Tuesday, August 18, 2009

Whose Healthcare is it anyway?

From the Nevada University Medical Center:

“Our people are really torn,” said Brian Brannman, UMC’s chief operating officer. “We want to take care of people who are ill. We’re proud that we can save lives. But our employees are also worried about the survival of UMC. They know that the appetite of taxpayers for helping undocumented immigrants is limited.”

Since April, UMC has been spending about $2 million per month providing emergency dialysis services to 80 illegal immigrants, Brannman said.

He projects that these services at UMC could run more than $24 million in the current fiscal year.

In each of the five prior years, the hospital provided the same emergency services to half as many illegal immigrants for a little more than $1 million per month.

Brannman said the hospital receives no reimbursement from federal, state or local sources to provide this life-saving treatment for people who have entered the country illegally.

But under federal law, any patient who shows up at an emergency department requesting an examination or treatment for a medical condition must be given an appropriate medical screening to determine whether there is an emergency.

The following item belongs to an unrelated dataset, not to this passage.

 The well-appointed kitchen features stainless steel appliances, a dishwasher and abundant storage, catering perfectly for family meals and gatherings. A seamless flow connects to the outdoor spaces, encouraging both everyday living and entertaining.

If there is, treatment must be provided.

“When we’re projecting a budget deficit of $70 million for fiscal year 2010, you can see that $24 million in dialysis treatment that’s not reimbursed is an awfully big chunk,” Brannman said.

UMC health care professionals say discussion of how to reform the nation’s health care system must include how to shore up taxpayer-supported hospitals, strained to the breaking point by following the law to care for those who are breaking it…

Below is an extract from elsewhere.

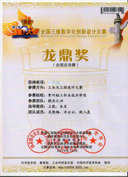由科技部國家制造業(yè)信息化培訓(xùn)中心和常州市人民政府共同主辦的2014全國三維數(shù)字化創(chuàng)新大賽總決賽于12月5日-12月7日在常州科教城隆重舉行,我院副院長楊勁松作為頒獎(jiǎng)嘉賓出席了頒獎(jiǎng)典禮。
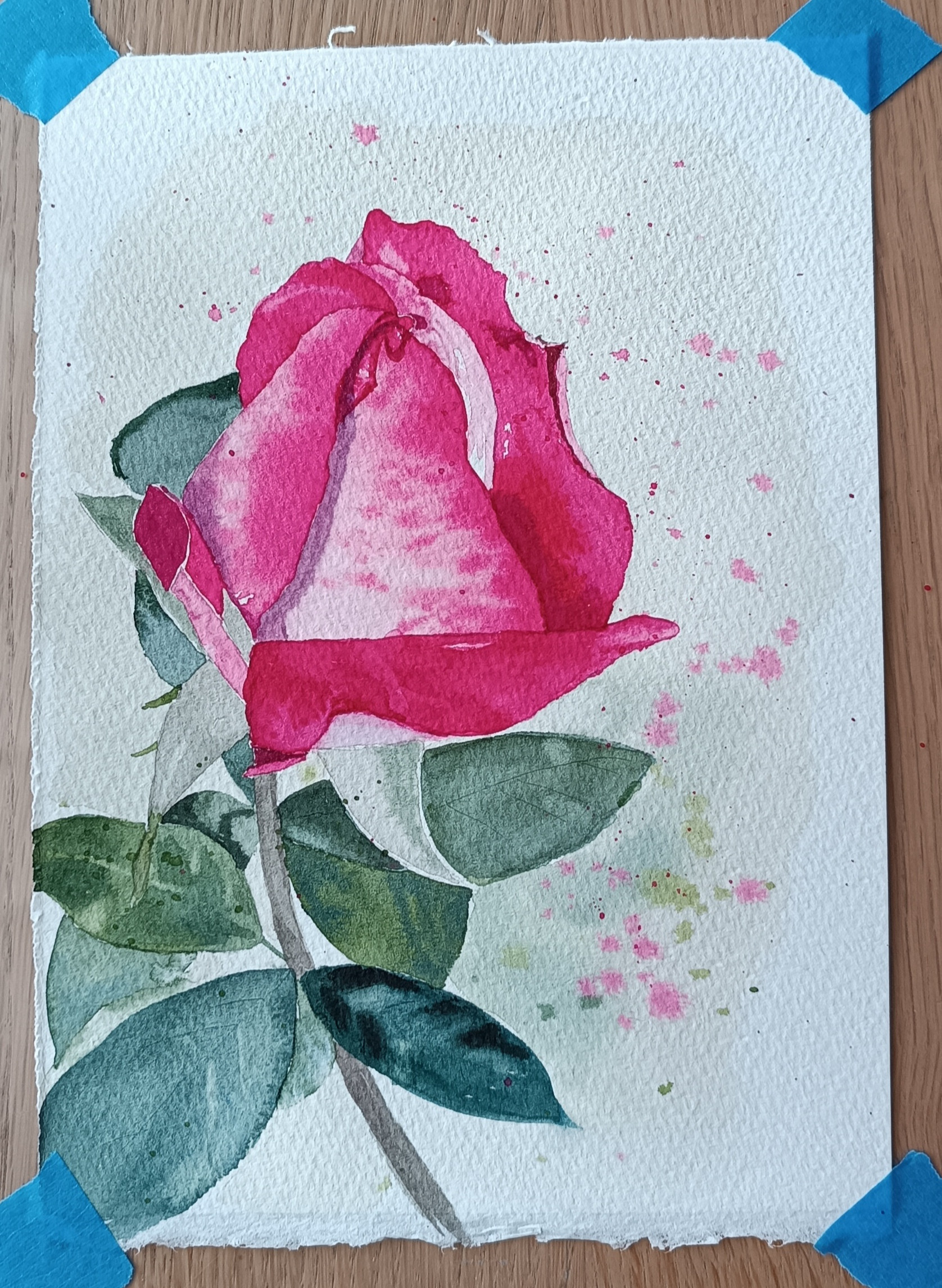 Cet après midi, j’ai peint une rose en vue de faire une carte d’anniversaire. Contrairement à des fois où je suis euphorique après ma peinture, là, je n’accroche pas mais je ne sais pas pourquoi. Elle colle assez bien à la photo, un peu trop imposante peut être, il y a autre chose qui cloche mais quoi ?

…”The federal government kicked the can down the road on the immigration issue and gave the bill to us,” Brannman said. “This is a federal policy failure that is driving huge health care costs to our citizens.”



Wednesday, August 12, 2009

Balancing Act

This is the time of year when the best commercial on TV comes on. It is a bunch of ecstatic parents singing "It's the most wonderful time, of the year!" This is a "back to school" commercial for Staples. Most parents are still trying to piece together childcare and all in the weeks post camp but pre school year. Most moms are beginning to run out of "rainy day activities" and some even will guiltily admit that they can not wait until their children leave them to return to the routine of school.

One of my friends blogged about Lisa Belkin who has written some articles and books on the topic of "balance". I agree with her that most of us just try to do our best and meet the challenges before us. The rest of it is the polarizing stuff that women tend to beat themselves up with, and why? I don't hear men talking about "balance" very much, do you?

I have met Lisa and she had attended a networking group I helped to found. She lifted some of the stories she wrote about from things she heard, no crime there of course! I don't think I have really learned anything "new" from this type of writing and instead I think a lot of women find reason to judge one another.

There are a lot of "full circle moments" as we age. You think back to the choices you made, or were forced to make and look at what happened--good bad or unexpected. Mostly it is all good. If you have the right attitude.

Of course this is the first year that we are sending our 18 year old to college and it is a bit more bittersweet than earlier years where the quiet that descended on the house was so welcome after the first bus came and went.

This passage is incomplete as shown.